--- Materials provided ---
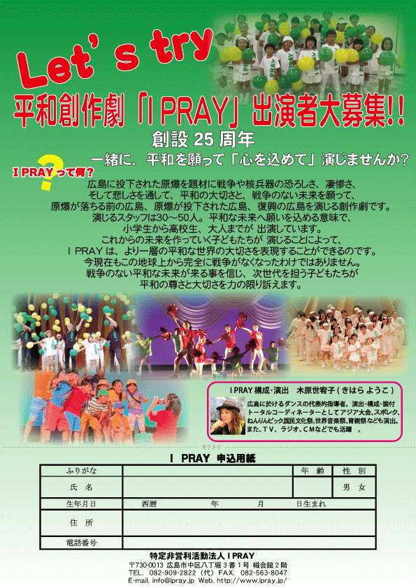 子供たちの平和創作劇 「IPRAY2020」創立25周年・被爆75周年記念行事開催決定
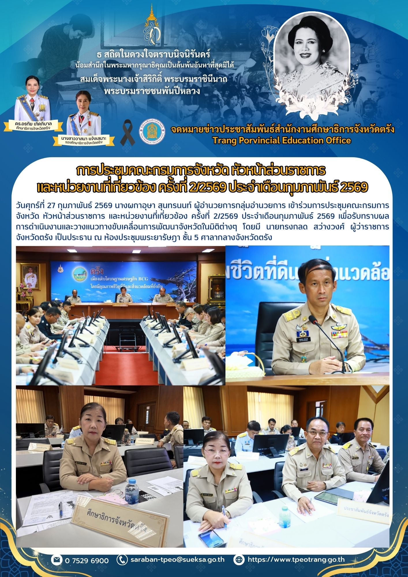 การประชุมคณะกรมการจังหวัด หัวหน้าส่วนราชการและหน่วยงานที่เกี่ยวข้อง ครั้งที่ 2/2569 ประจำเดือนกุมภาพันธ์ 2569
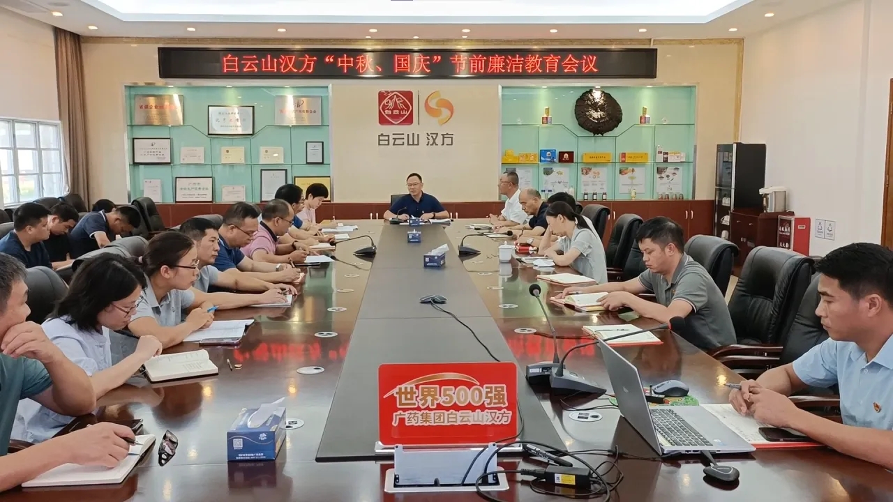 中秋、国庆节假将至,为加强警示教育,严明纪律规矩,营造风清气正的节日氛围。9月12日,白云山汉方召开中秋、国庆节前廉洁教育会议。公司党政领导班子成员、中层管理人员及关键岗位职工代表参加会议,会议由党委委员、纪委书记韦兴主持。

---

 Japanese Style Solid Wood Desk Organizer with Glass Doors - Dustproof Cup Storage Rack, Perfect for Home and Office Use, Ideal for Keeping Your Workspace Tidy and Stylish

==

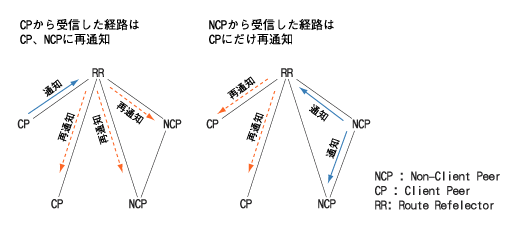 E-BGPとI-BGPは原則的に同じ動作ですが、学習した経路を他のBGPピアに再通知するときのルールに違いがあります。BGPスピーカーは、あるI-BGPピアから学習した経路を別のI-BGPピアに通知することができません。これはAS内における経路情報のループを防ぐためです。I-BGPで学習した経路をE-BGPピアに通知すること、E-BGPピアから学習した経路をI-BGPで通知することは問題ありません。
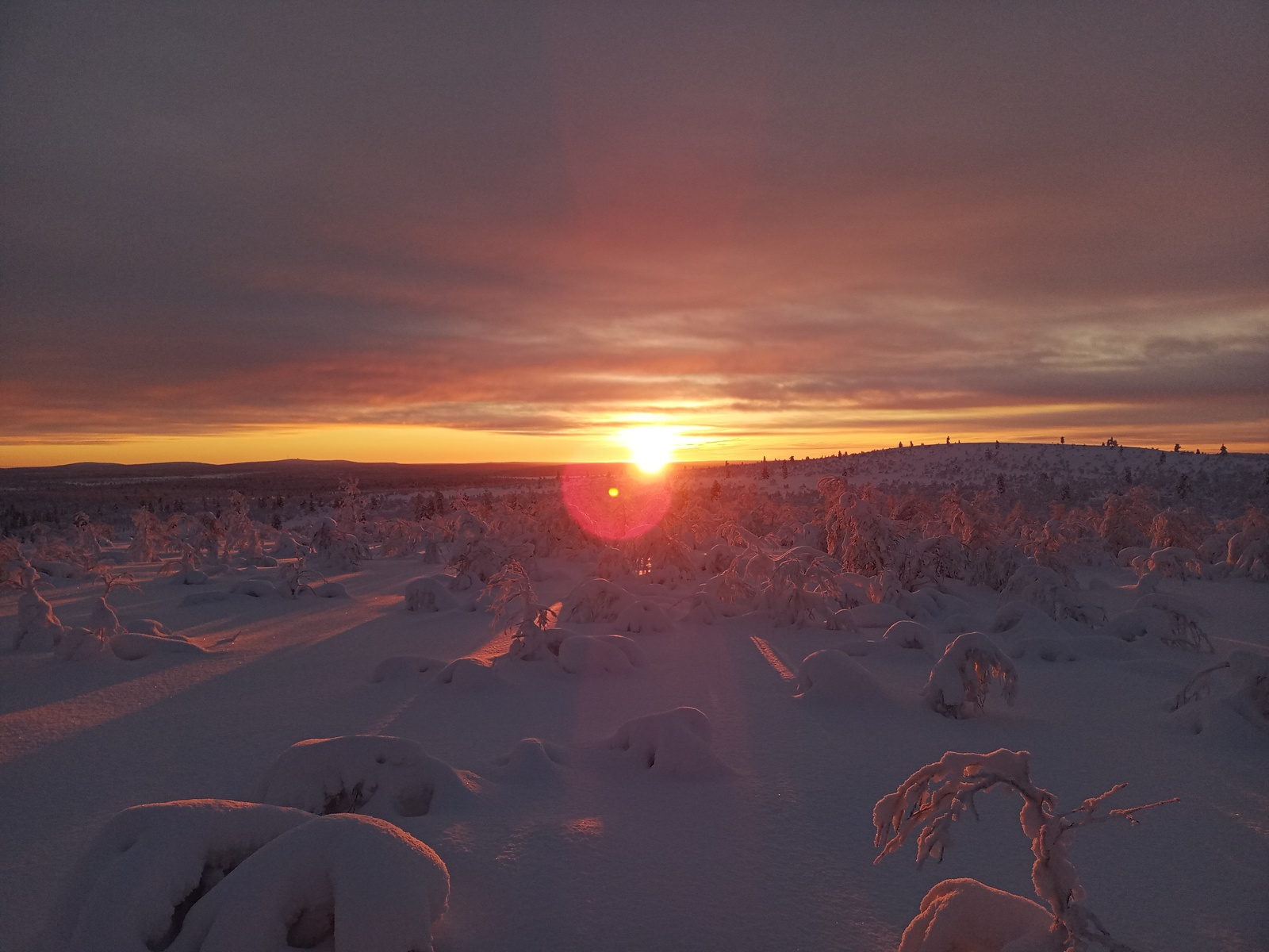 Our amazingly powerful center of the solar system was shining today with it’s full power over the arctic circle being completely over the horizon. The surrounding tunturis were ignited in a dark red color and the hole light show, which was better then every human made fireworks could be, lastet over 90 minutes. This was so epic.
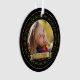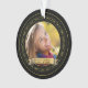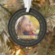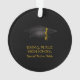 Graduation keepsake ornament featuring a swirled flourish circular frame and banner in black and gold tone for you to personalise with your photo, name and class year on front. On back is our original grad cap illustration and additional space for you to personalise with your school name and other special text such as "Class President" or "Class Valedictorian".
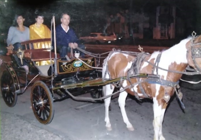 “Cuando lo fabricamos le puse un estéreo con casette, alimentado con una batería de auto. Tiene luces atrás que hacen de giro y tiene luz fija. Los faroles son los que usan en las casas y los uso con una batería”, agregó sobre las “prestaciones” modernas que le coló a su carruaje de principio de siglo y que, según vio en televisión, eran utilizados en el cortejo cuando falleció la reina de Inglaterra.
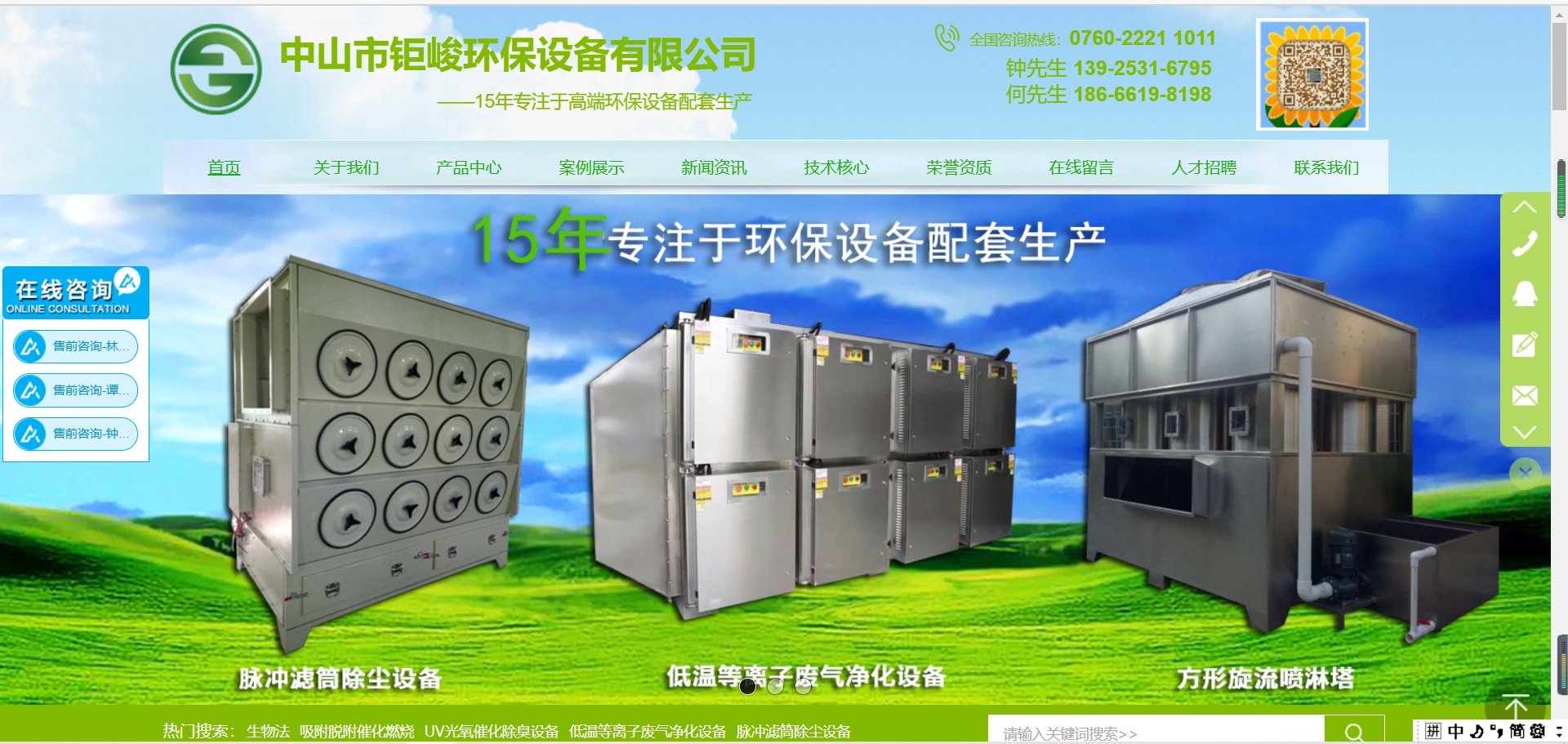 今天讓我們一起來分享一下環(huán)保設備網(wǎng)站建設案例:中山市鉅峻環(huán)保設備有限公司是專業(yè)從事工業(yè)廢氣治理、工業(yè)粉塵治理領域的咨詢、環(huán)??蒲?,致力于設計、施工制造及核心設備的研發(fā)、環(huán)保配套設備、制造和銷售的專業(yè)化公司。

--- Work item ---
Starting with the line that contains "E-BGPとI-BGPは原則" and finishing with the line that contains "今天讓我們一起來分享一下環(huán)保", reproduce every line of the material above exactly, but not the pictures.

--- Solution to the problem ---
 E-BGPとI-BGPは原則的に同じ動作ですが、学習した経路を他のBGPピアに再通知するときのルールに違いがあります。BGPスピーカーは、あるI-BGPピアから学習した経路を別のI-BGPピアに通知することができません。これはAS内における経路情報のループを防ぐためです。I-BGPで学習した経路をE-BGPピアに通知すること、E-BGPピアから学習した経路をI-BGPで通知することは問題ありません。
 Our amazingly powerful center of the solar system was shining today with it’s full power over the arctic circle being completely over the horizon. The surrounding tunturis were ignited in a dark red color and the hole light show, which was better then every human made fireworks could be, lastet over 90 minutes. This was so epic.
 Graduation keepsake ornament featuring a swirled flourish circular frame and banner in black and gold tone for you to personalise with your photo, name and class year on front. On back is our original grad cap illustration and additional space for you to personalise with your school name and other special text such as "Class President" or "Class Valedictorian".
 “Cuando lo fabricamos le puse un estéreo con casette, alimentado con una batería de auto. Tiene luces atrás que hacen de giro y tiene luz fija. Los faroles son los que usan en las casas y los uso con una batería”, agregó sobre las “prestaciones” modernas que le coló a su carruaje de principio de siglo y que, según vio en televisión, eran utilizados en el cortejo cuando falleció la reina de Inglaterra.
 今天讓我們一起來分享一下環(huán)保設備網(wǎng)站建設案例:中山市鉅峻環(huán)保設備有限公司是專業(yè)從事工業(yè)廢氣治理、工業(yè)粉塵治理領域的咨詢、環(huán)??蒲?,致力于設計、施工制造及核心設備的研發(fā)、環(huán)保配套設備、制造和銷售的專業(yè)化公司。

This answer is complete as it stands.